PROBLEM DETAILS
Once the pictures are removed, restate the data below word for word.

INPUT MATERIAL
==================================================

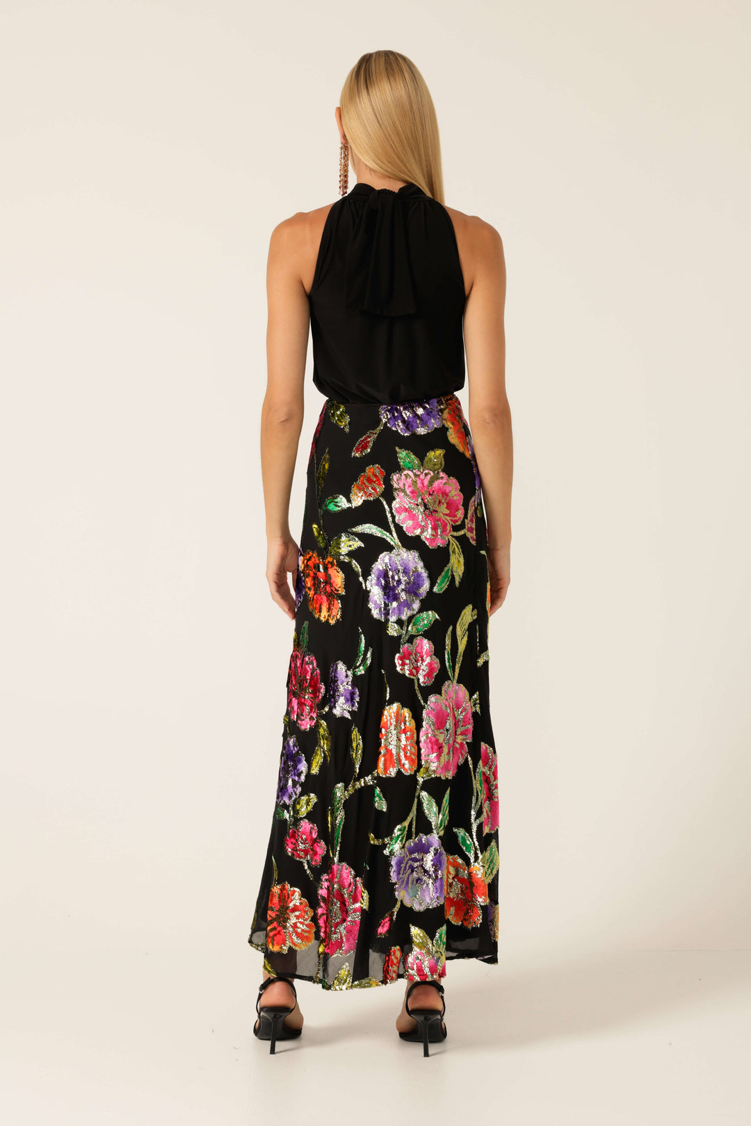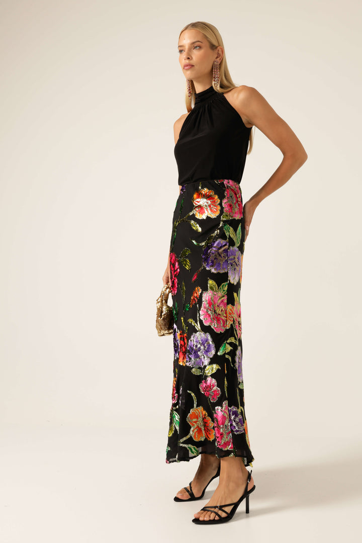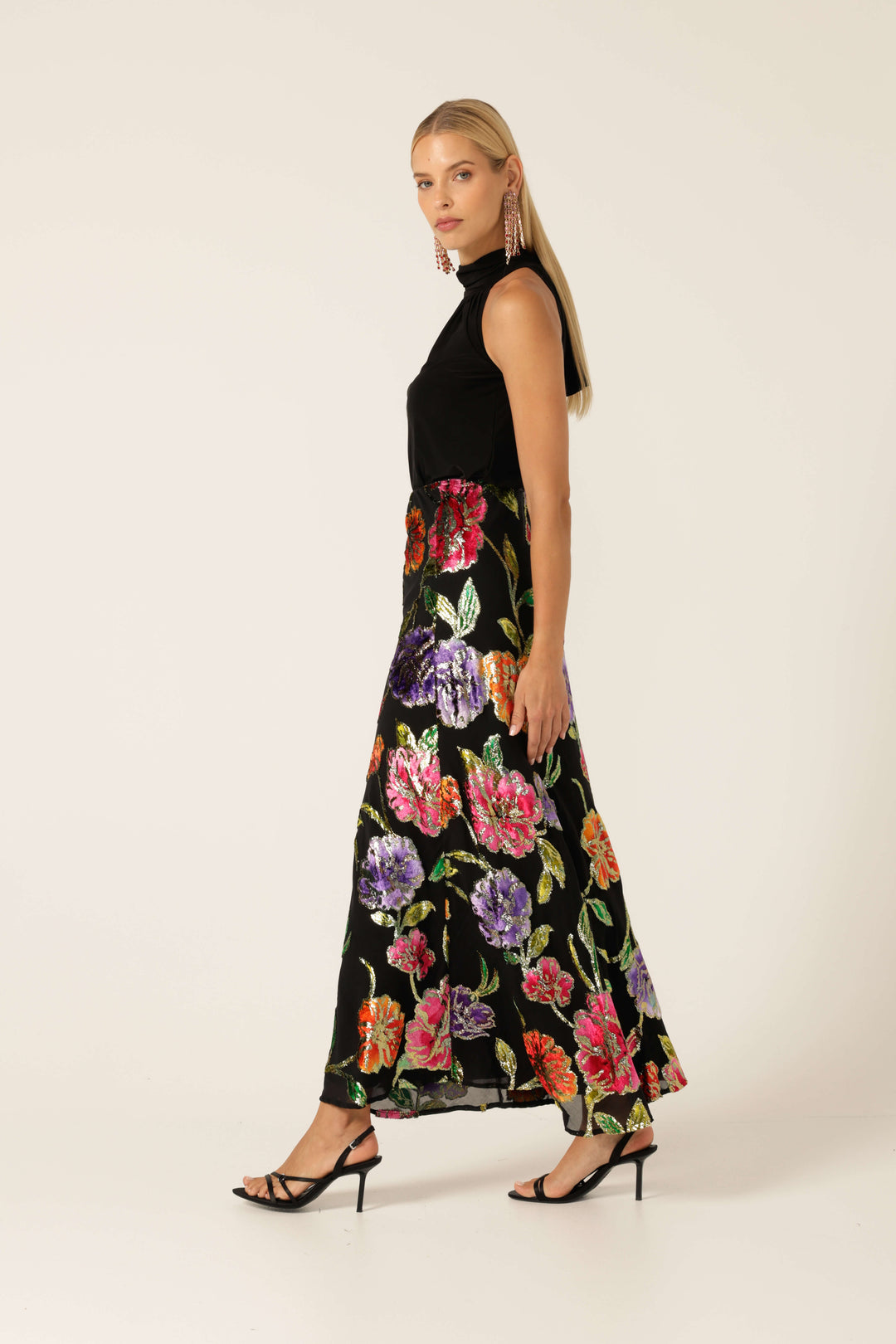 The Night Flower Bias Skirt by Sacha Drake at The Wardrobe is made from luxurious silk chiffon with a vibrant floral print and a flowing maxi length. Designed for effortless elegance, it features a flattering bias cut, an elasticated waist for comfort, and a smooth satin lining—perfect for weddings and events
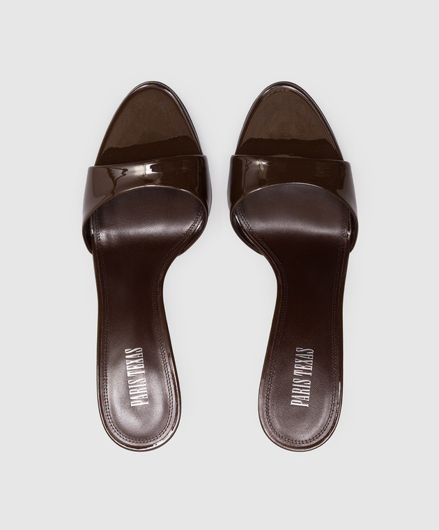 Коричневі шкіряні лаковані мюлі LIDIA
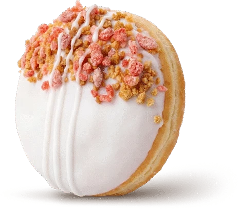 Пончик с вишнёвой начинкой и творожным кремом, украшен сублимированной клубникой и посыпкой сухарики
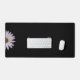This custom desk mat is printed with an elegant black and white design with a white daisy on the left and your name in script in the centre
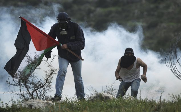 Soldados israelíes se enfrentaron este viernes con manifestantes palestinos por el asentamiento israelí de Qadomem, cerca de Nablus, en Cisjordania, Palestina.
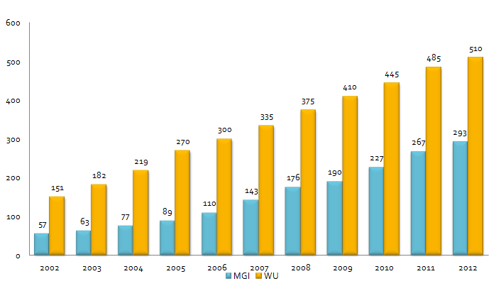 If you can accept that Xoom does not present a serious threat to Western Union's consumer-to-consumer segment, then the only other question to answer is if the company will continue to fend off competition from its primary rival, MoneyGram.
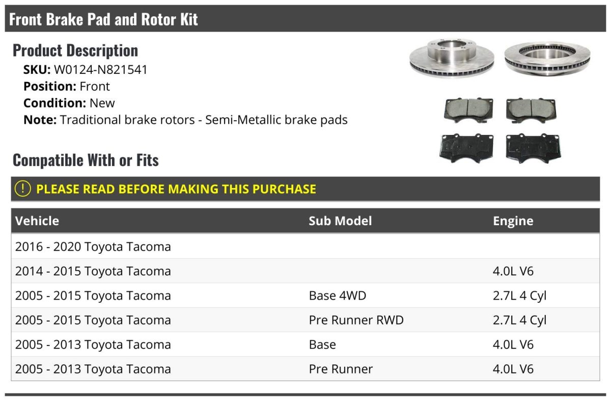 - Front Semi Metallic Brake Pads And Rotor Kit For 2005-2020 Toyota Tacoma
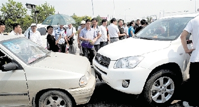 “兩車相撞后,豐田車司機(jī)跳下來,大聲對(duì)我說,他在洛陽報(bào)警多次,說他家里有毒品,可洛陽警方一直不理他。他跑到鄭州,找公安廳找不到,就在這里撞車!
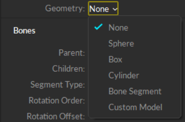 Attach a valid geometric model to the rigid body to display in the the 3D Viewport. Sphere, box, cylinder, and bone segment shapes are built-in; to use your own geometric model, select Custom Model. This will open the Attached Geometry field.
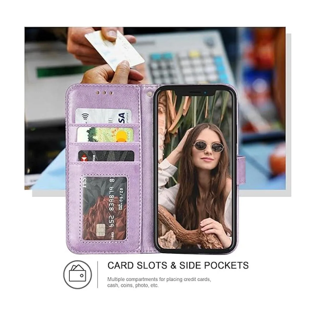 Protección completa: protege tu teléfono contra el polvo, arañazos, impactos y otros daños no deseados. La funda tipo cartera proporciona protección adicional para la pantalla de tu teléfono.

==================================================

PROBLEM SOLUTION
 The Night Flower Bias Skirt by Sacha Drake at The Wardrobe is made from luxurious silk chiffon with a vibrant floral print and a flowing maxi length. Designed for effortless elegance, it features a flattering bias cut, an elasticated waist for comfort, and a smooth satin lining—perfect for weddings and events
 Коричневі шкіряні лаковані мюлі LIDIA
 Пончик с вишнёвой начинкой и творожным кремом, украшен сублимированной клубникой и посыпкой сухарики
This custom desk mat is printed with an elegant black and white design with a white daisy on the left and your name in script in the centre
 Soldados israelíes se enfrentaron este viernes con manifestantes palestinos por el asentamiento israelí de Qadomem, cerca de Nablus, en Cisjordania, Palestina.
 If you can accept that Xoom does not present a serious threat to Western Union's consumer-to-consumer segment, then the only other question to answer is if the company will continue to fend off competition from its primary rival, MoneyGram.
 - Front Semi Metallic Brake Pads And Rotor Kit For 2005-2020 Toyota Tacoma
 “兩車相撞后,豐田車司機(jī)跳下來,大聲對(duì)我說,他在洛陽報(bào)警多次,說他家里有毒品,可洛陽警方一直不理他。他跑到鄭州,找公安廳找不到,就在這里撞車!
 Attach a valid geometric model to the rigid body to display in the the 3D Viewport. Sphere, box, cylinder, and bone segment shapes are built-in; to use your own geometric model, select Custom Model. This will open the Attached Geometry field.
 Protección completa: protege tu teléfono contra el polvo, arañazos, impactos y otros daños no deseados. La funda tipo cartera proporciona protección adicional para la pantalla de tu teléfono.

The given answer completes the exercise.